[Provided records]

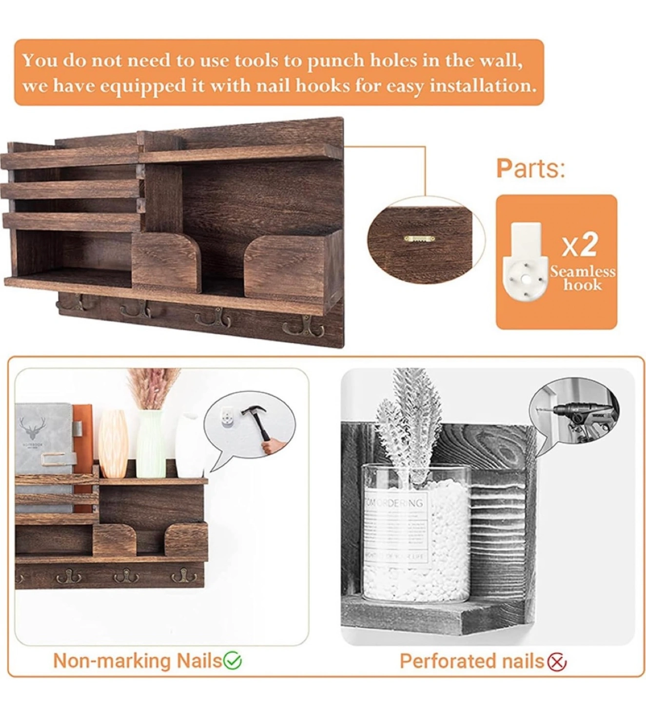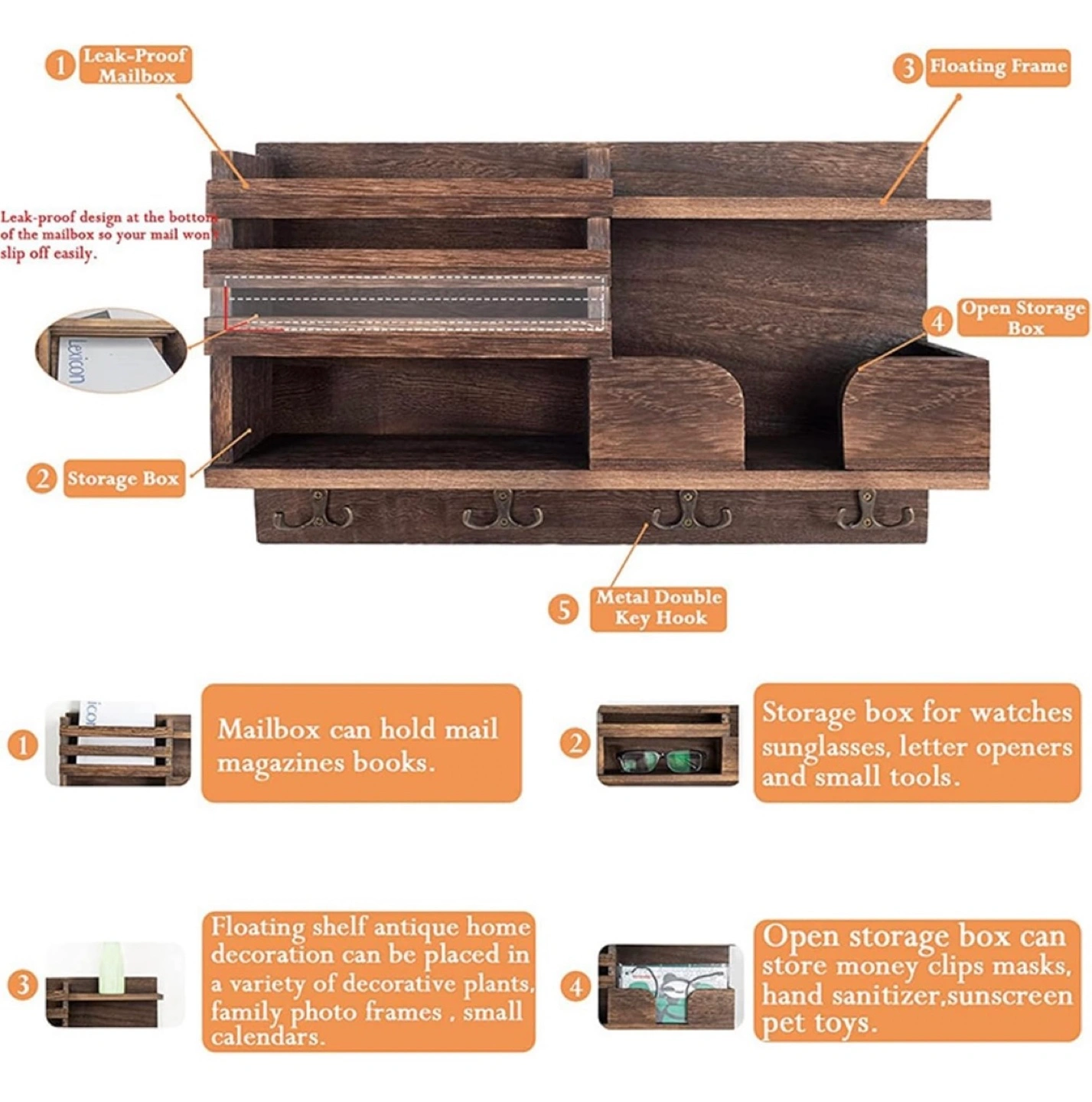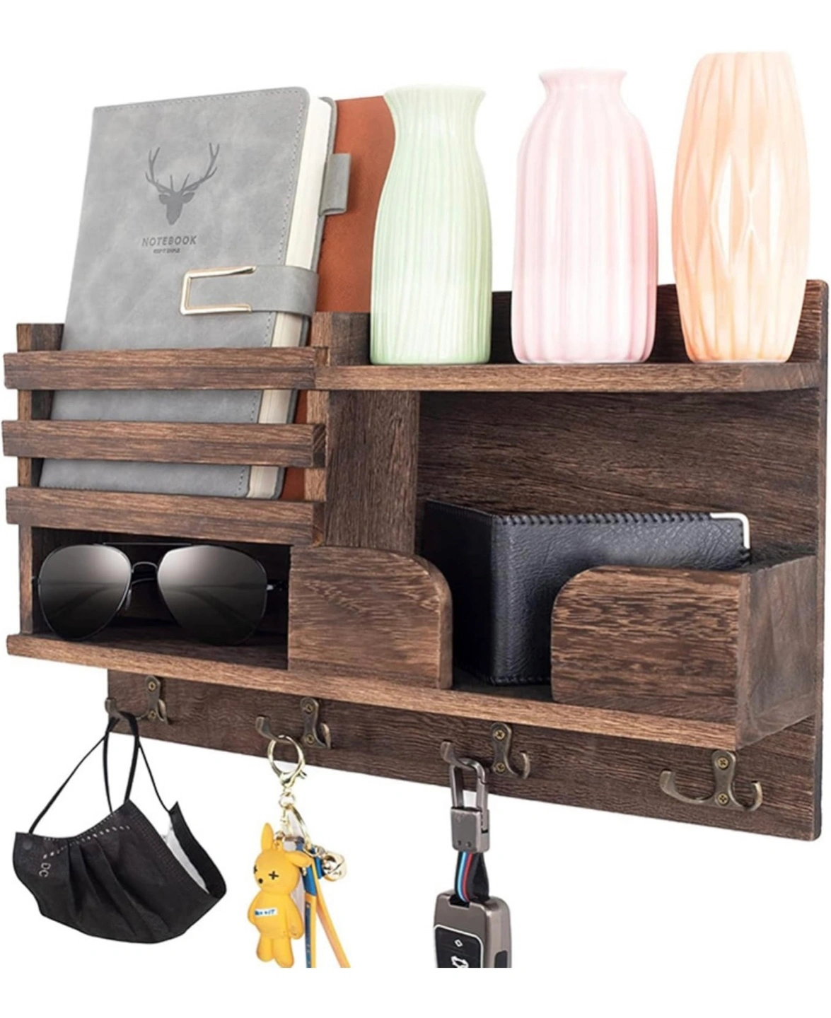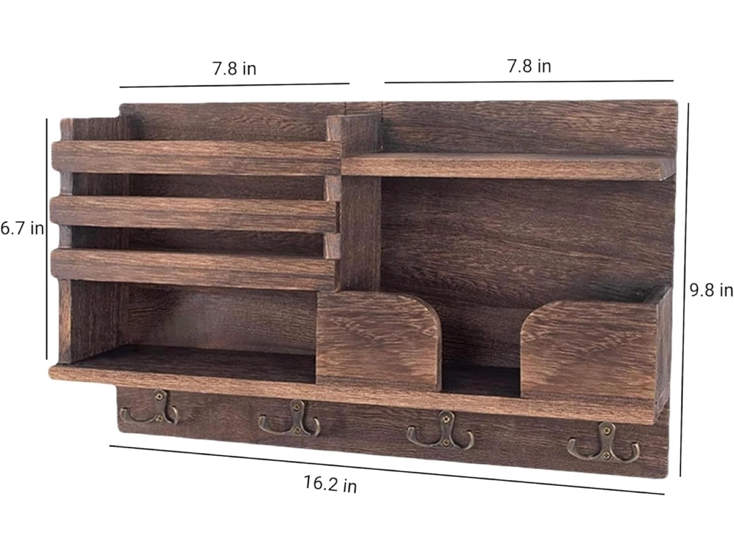 Functional wall organizer. Features shelves, mail slots, and key hooks. Perfect for entryways or offices. Dark brown wood finish. Easy installation.
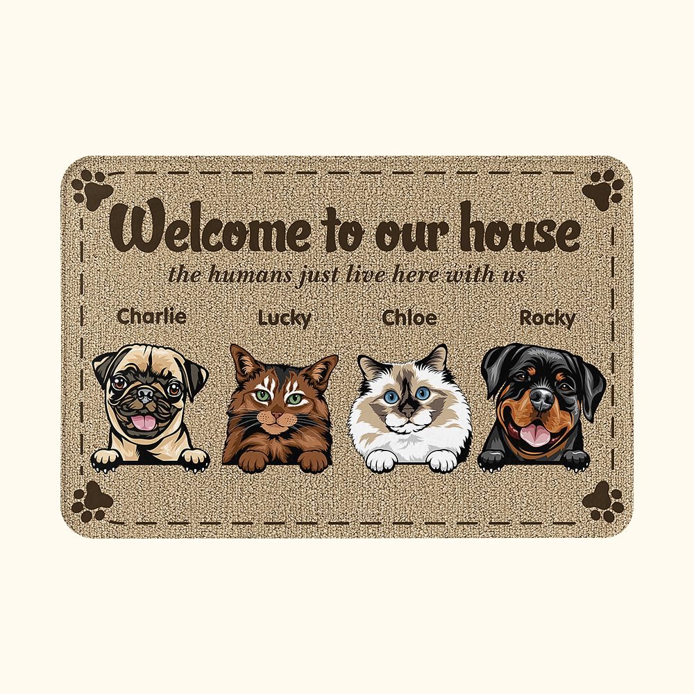 We printed "Welcome To My/Our House The Humans Just Live Here With Us/Me" on the doormat. The fun and witty message adds interest to the doormat and expresses pet owners' love for their furry friends.
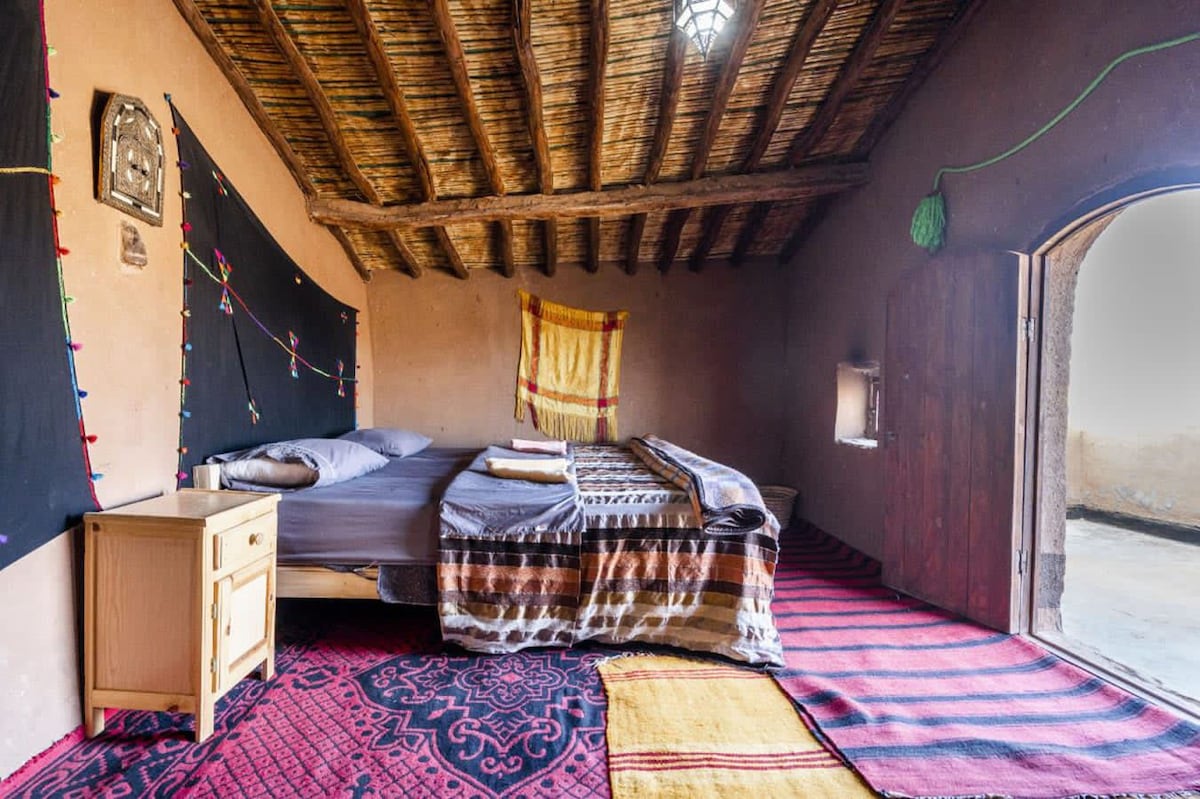 Pokoj na střeše (severní) se nachází na střeše kasby. Zahrnuje: • Jedna manželská postel • Jedno lůžko • Společná koupelna Jednoduchá a pohodlná volba pro hosty, kteří si užívají přístup na střechu a sdílená zařízení při pobytu v historické kasbáze. Pokud si přeješ, abychom ti během pobytu připravovali jídlo, dej nám vědět předem: • Večeře: 12 € na osobu • Snídaně: 5 € na osobu • Večeře a snídaně: 15 € na osobu
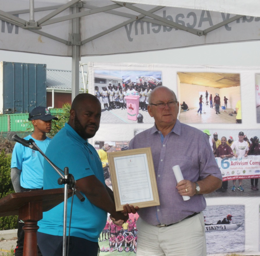 It is tradition that the mayor of each town writes a letter of goodwill to the mayor of the next town. In keeping with tradition, Mayor Dudley Coetzee received a letter of goodwill from the Mayor of Agulhas. Trans Enduro Exercise Commander Lt Phitlho was pictured with him.
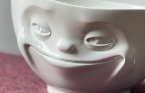 Two years passed before we had the first samples on the table that looked exactly like they did in 3D. The big day arrived in 2007: the launch became reality. The first serial production began with the two classics GRINNING and SULKING at a porcelain factory in the Czech Republic. The Czech Republic has a long tradition of porcelain production, the quality was right and the price was OK, even though the minimum order requirement of 20,000 units made us sweat a little.
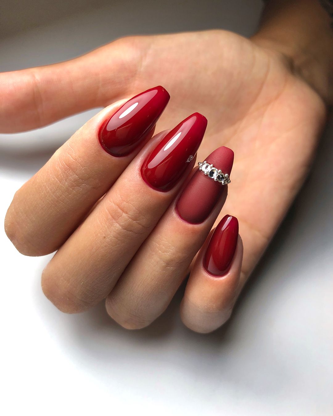 Стразами можно дополнить практически любой маникюр, придав ему особой роскоши и элегантности. Ими можно подчеркнуть готовый дизайн либо сделать центром композиции. Изумительно сочетается с матовым покрытием, перетягивая все взгляды на себя. Такой маникюр просто невозможно не заметить.
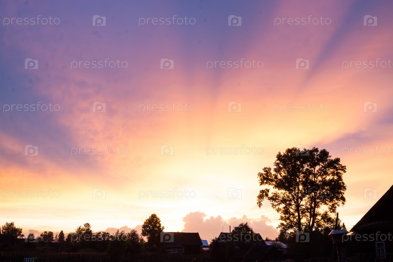Невероятно красивый, красочный закат на вечернем небе
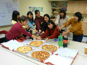 この日もアルバムとフレーム作りをしました。早く終わった学生は近くのスーパーで日本へのお土産を買っていました。遅めの昼ご飯には、ピザを食べました。
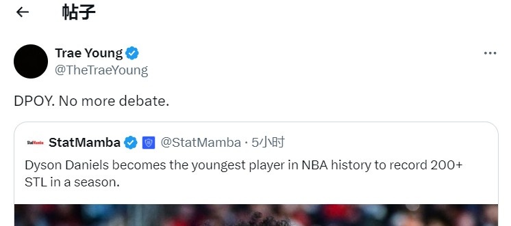 比賽結(jié)束后,老鷹球星特雷-楊轉(zhuǎn)發(fā)了丹尼爾斯的這一數(shù)據(jù),并在旁邊寫道:“年度最佳防守球員。停止?fàn)幷?。?/p>
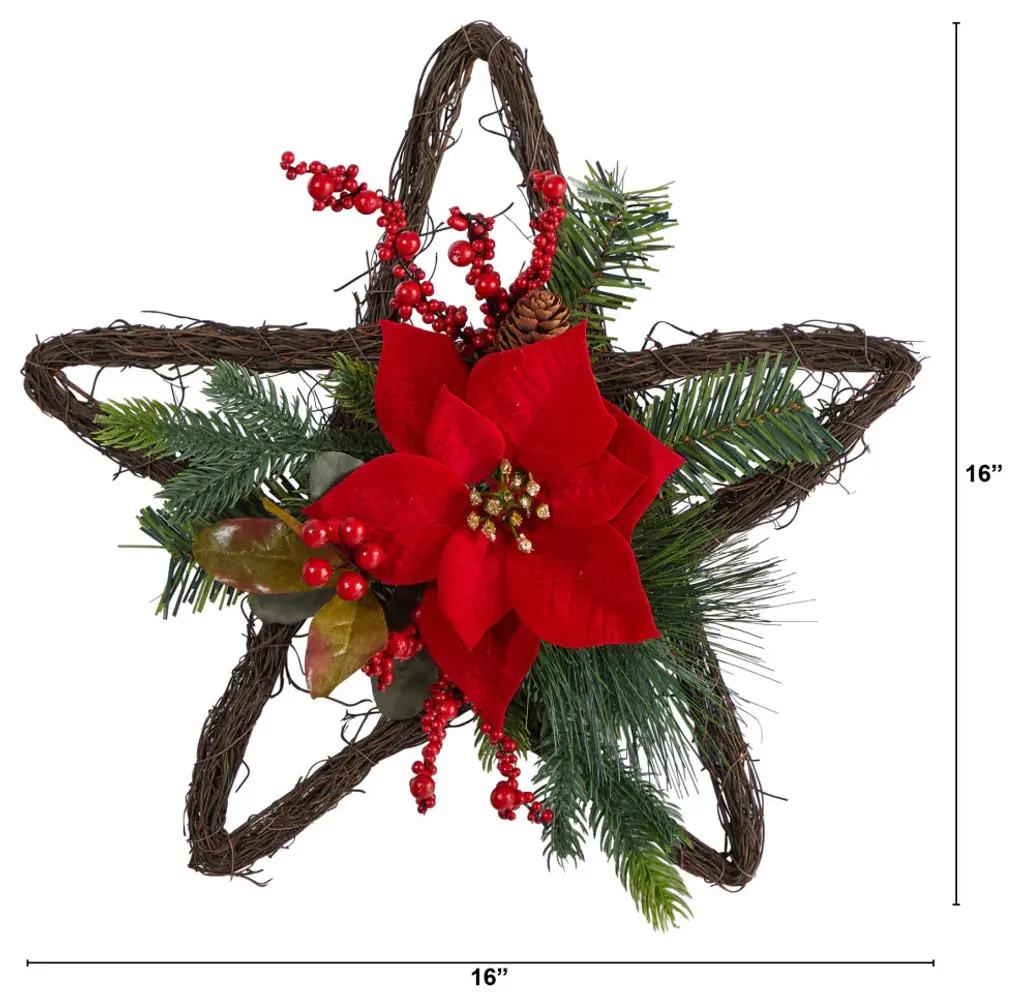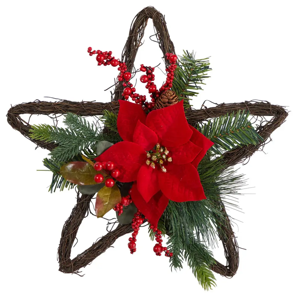Enhance your Christmas decoration with this Poinsettia, Berries and Pinecones Artificial Christmas Wreath with Star Shaped Twig Base. Twigs in a star shape have a Poinsettia in the center and are accented with pinecones and evergreen leaves. With a diameter of 16in. house in any compact area. Perfect for a tight space. Artificial wreaths are manufactured using synthetic materials, such as polyester material or plastic, and are well designed and constructed to be life-like in appearance. This item will need to be re-shaped when removed from the secure box to allow it to reach its fullest size. Your wreath will look beautiful for years to come; simply wipe clean with a soft dry cloth when needed.
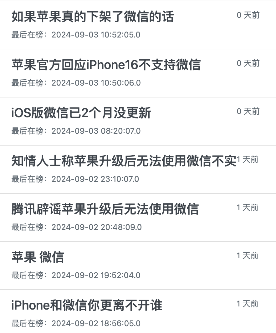 這兩天 “ 微信蘋果 ” 相關話題直接成了賽博村裏的頭條,貼在各大平台的首頁。
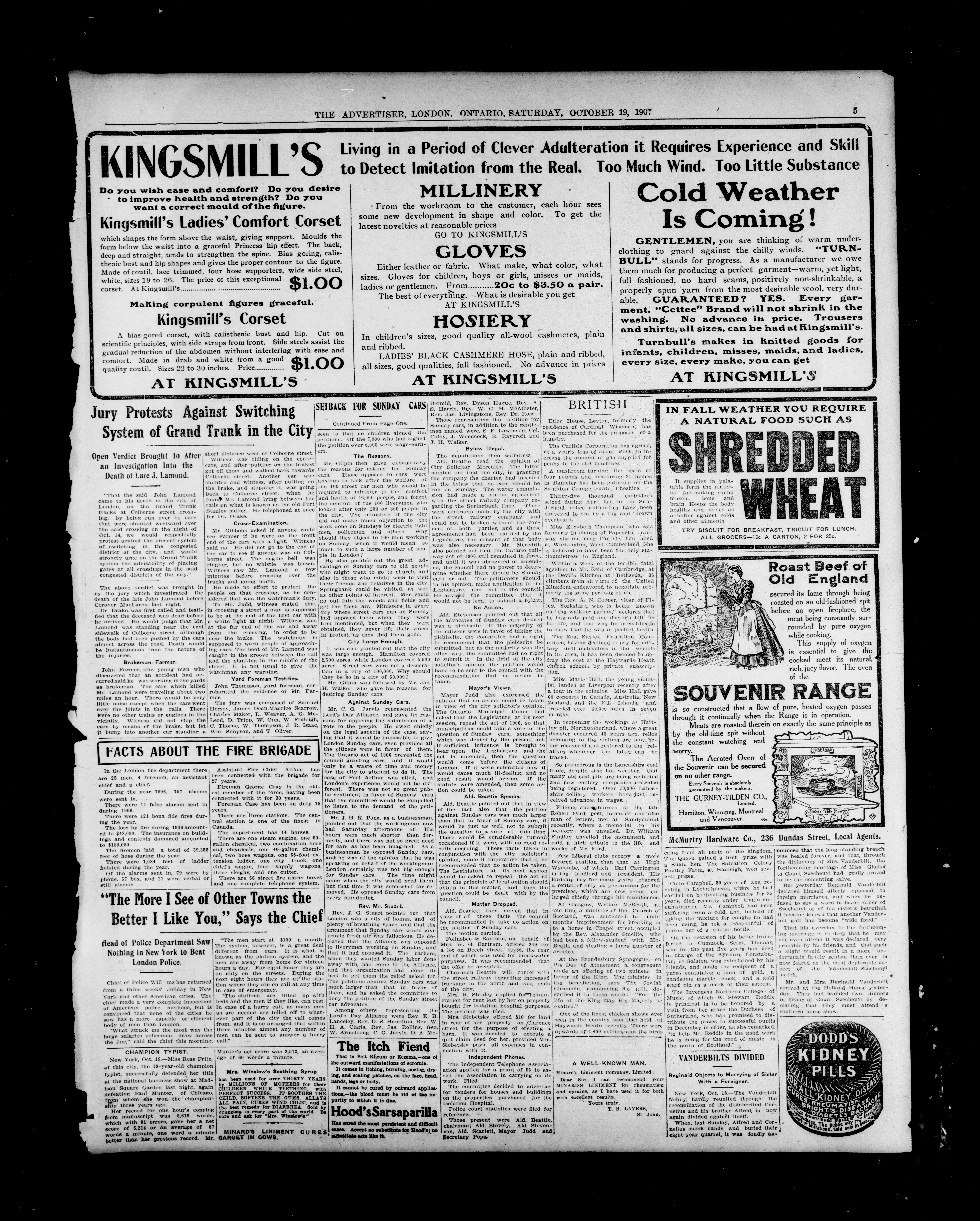 London Advertiser : 43rd Year, No. 19175 (October 19, 1907)
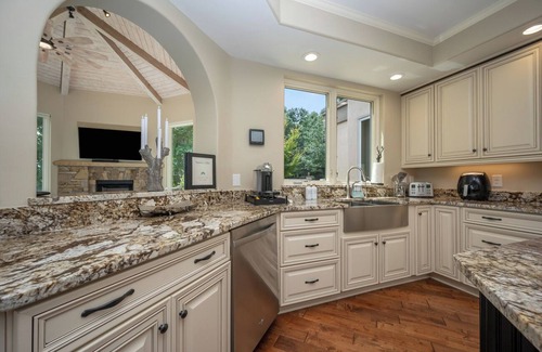 The other three guest rooms boast the same attention to details. With beautiful views and access to spa quality bathrooms, everyone in your group will feel pampered. The designer kitchen with high-end amenities is made to gather and cook with your friends and family. Enjoy meals around the large island or take in the views while you eat in the dining room.
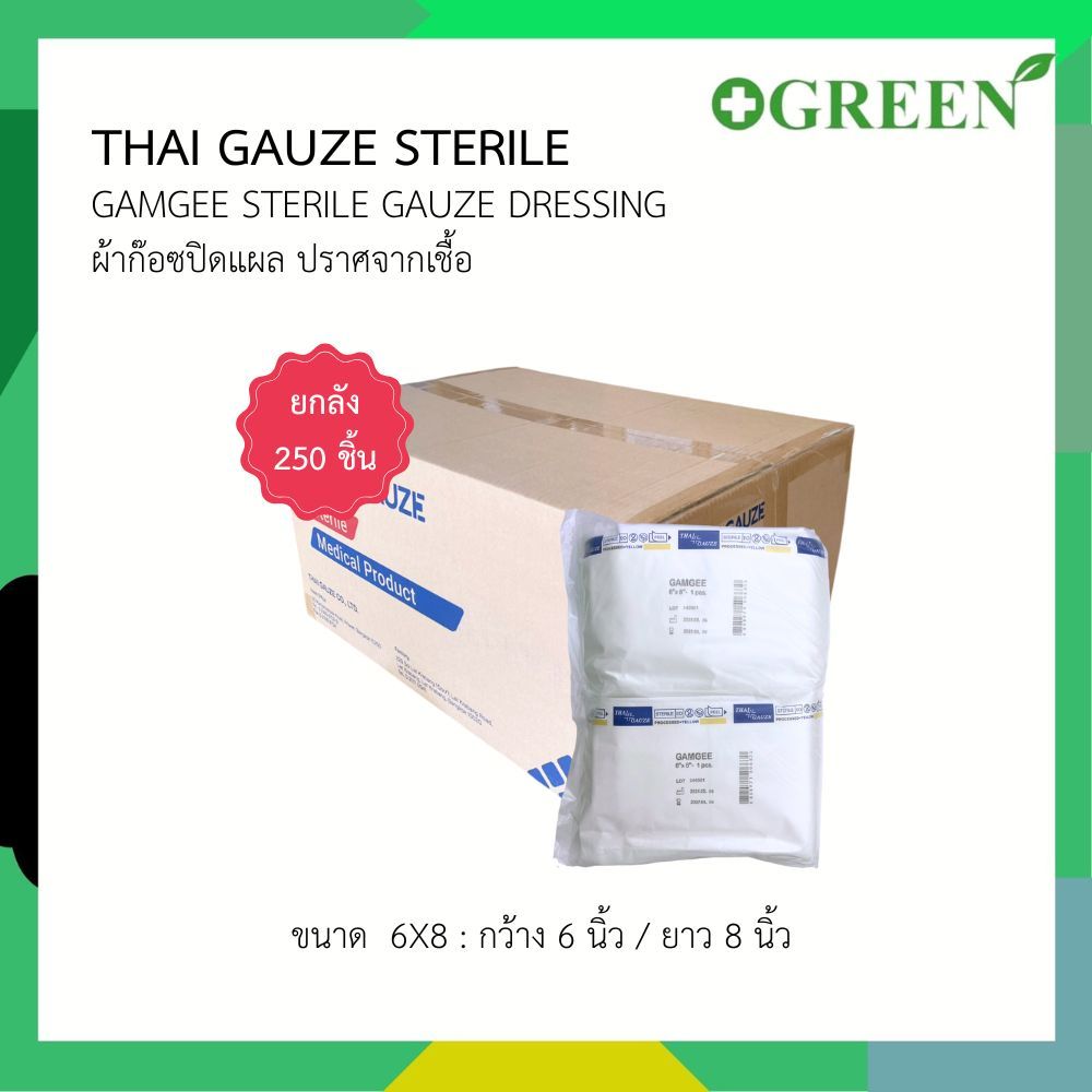 Thai gauze sterile Gamgee ขนาด 6x8 [ 1 ลัง บรรจุ 250 ซอง ] (4811)

[/Provided records]

* Task details: Within the listing above, print exactly the stretch beginning at the line that contains "It is tradition" and finishing at the line that contains "この日もアルバムとフレーム作", ends kept, pictures left out, and nothing more.

* Answer to this problem:
 It is tradition that the mayor of each town writes a letter of goodwill to the mayor of the next town. In keeping with tradition, Mayor Dudley Coetzee received a letter of goodwill from the Mayor of Agulhas. Trans Enduro Exercise Commander Lt Phitlho was pictured with him.
 Two years passed before we had the first samples on the table that looked exactly like they did in 3D. The big day arrived in 2007: the launch became reality. The first serial production began with the two classics GRINNING and SULKING at a porcelain factory in the Czech Republic. The Czech Republic has a long tradition of porcelain production, the quality was right and the price was OK, even though the minimum order requirement of 20,000 units made us sweat a little.
 Стразами можно дополнить практически любой маникюр, придав ему особой роскоши и элегантности. Ими можно подчеркнуть готовый дизайн либо сделать центром композиции. Изумительно сочетается с матовым покрытием, перетягивая все взгляды на себя. Такой маникюр просто невозможно не заметить.
Невероятно красивый, красочный закат на вечернем небе
 この日もアルバムとフレーム作りをしました。早く終わった学生は近くのスーパーで日本へのお土産を買っていました。遅めの昼ご飯には、ピザを食べました。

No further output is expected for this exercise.